> _WHAT YOU SHOULD DO_
Print every line from the start of the data, and when you reach the line with "Яблоки нарежьте с", include it and stop. Pictures are not part of the copy.

> _DATASET EXTRACT_
=-=-=-=-=
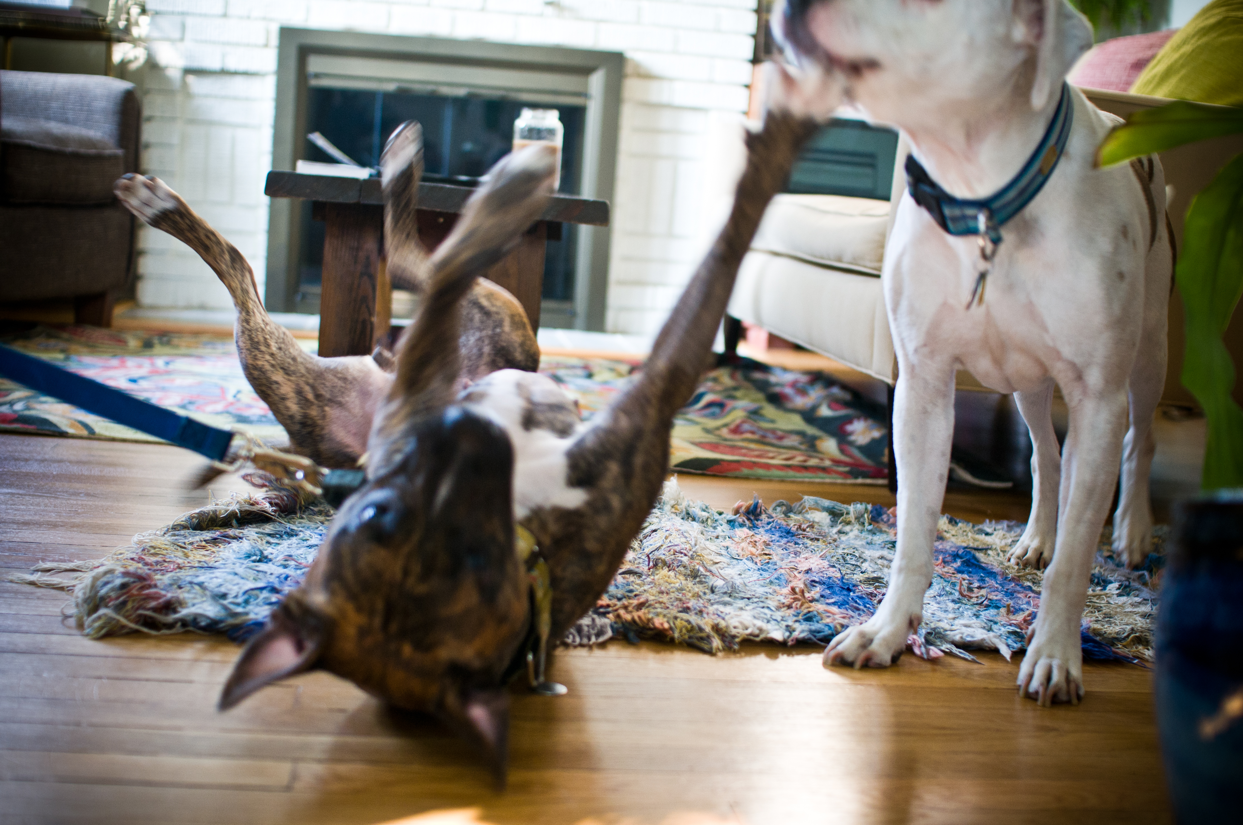 We’re not going to sugar-coat it: the love between Stevie Wonder and Sir Chick is NOT mutual. Sir Chick is a mature gentleman and he tolerates his foster sister’s affection, antics, and crazy puppy-like energy with grace and patience, but it is clear that her love for him is unrequited. Chick will politely tolerate most dogs, but there are very few that he truly loves. Our former foster Gonzo Bunny-Ears was one of the lucky few; Chick’s uncle Tex the black lab is another.
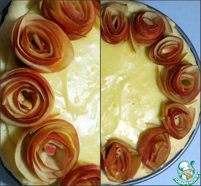 Яблоки нарежьте с помощью овощечистки на небольшие ленты, но не нужно делать их слишком тонкими, они просто засохнут при выпечке. Сформируйте из яблочных лент розы и выложите их на крем по краю формы, слегка вдавливая.
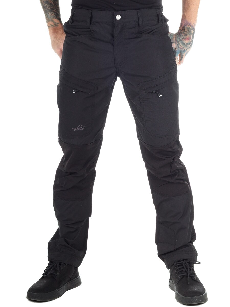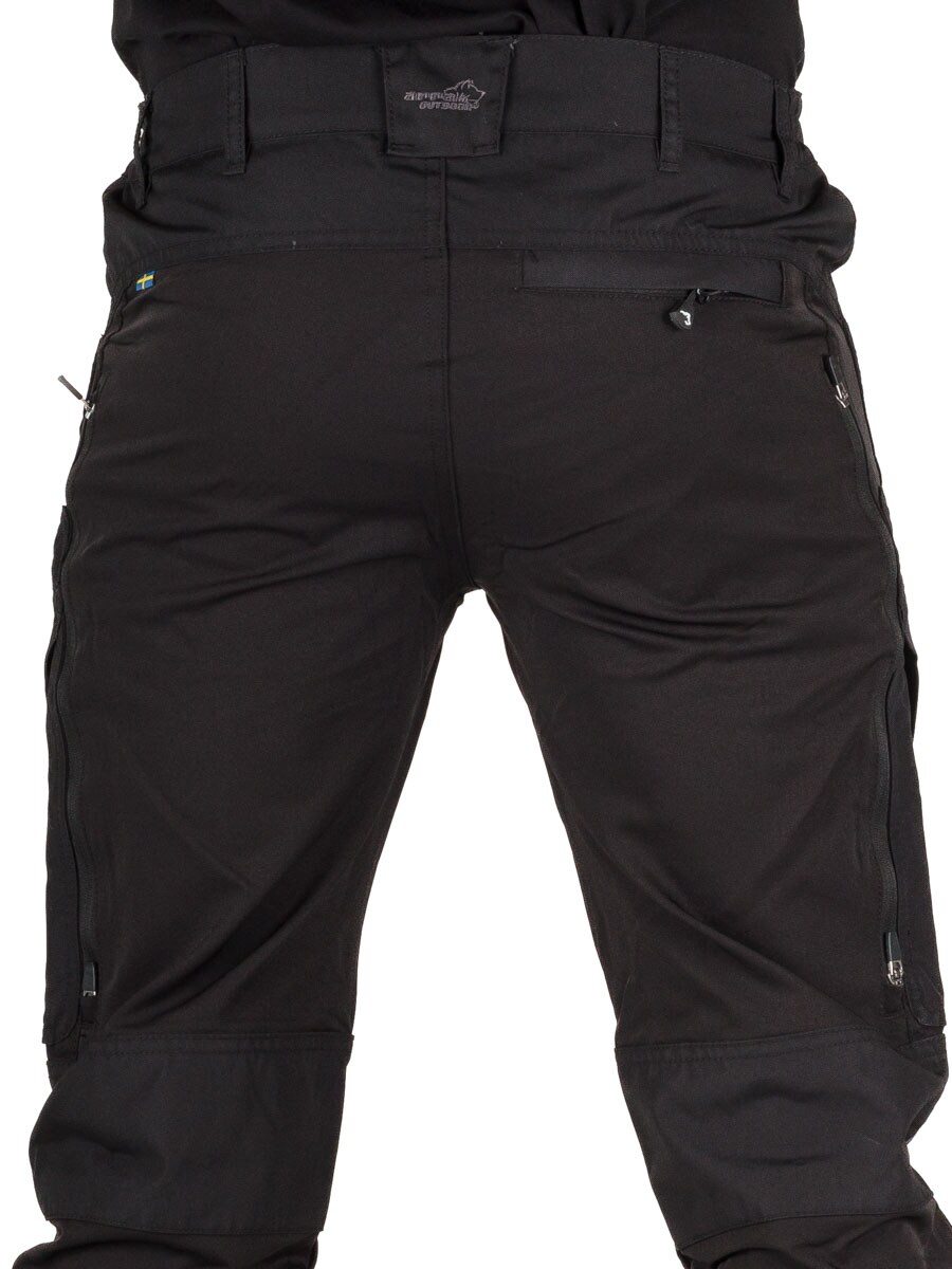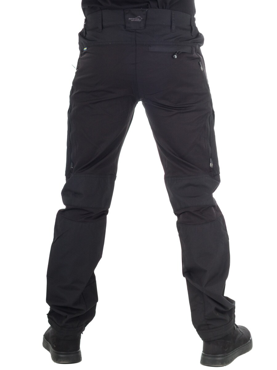 Dessa mångsidiga fritidsbyxor är designade för maximal rörlighet och komfort. Knän, knäveck och rumpa är tillverkade i DWR-behandlad 4-vägsstretch, vilket gör byxorna mycket följsamma. Nedre delen är förstärkt och har justerbara benslut samt en kängkrok för perfekt passform runt kängorna. För optimal ventilation finns öppningsbara ventilationshål med mesh på båda låren. Byxorna har totalt fem fickor, där bakfickan och lårfickorna är utrustade med dragkedja. Perfekta för alla typer av outdoor-aktiviteter!
=-=-=-=-=
> _SOLUTION FOR THIS TASK_
 We’re not going to sugar-coat it: the love between Stevie Wonder and Sir Chick is NOT mutual. Sir Chick is a mature gentleman and he tolerates his foster sister’s affection, antics, and crazy puppy-like energy with grace and patience, but it is clear that her love for him is unrequited. Chick will politely tolerate most dogs, but there are very few that he truly loves. Our former foster Gonzo Bunny-Ears was one of the lucky few; Chick’s uncle Tex the black lab is another.
 Яблоки нарежьте с помощью овощечистки на небольшие ленты, но не нужно делать их слишком тонкими, они просто засохнут при выпечке. Сформируйте из яблочных лент розы и выложите их на крем по краю формы, слегка вдавливая.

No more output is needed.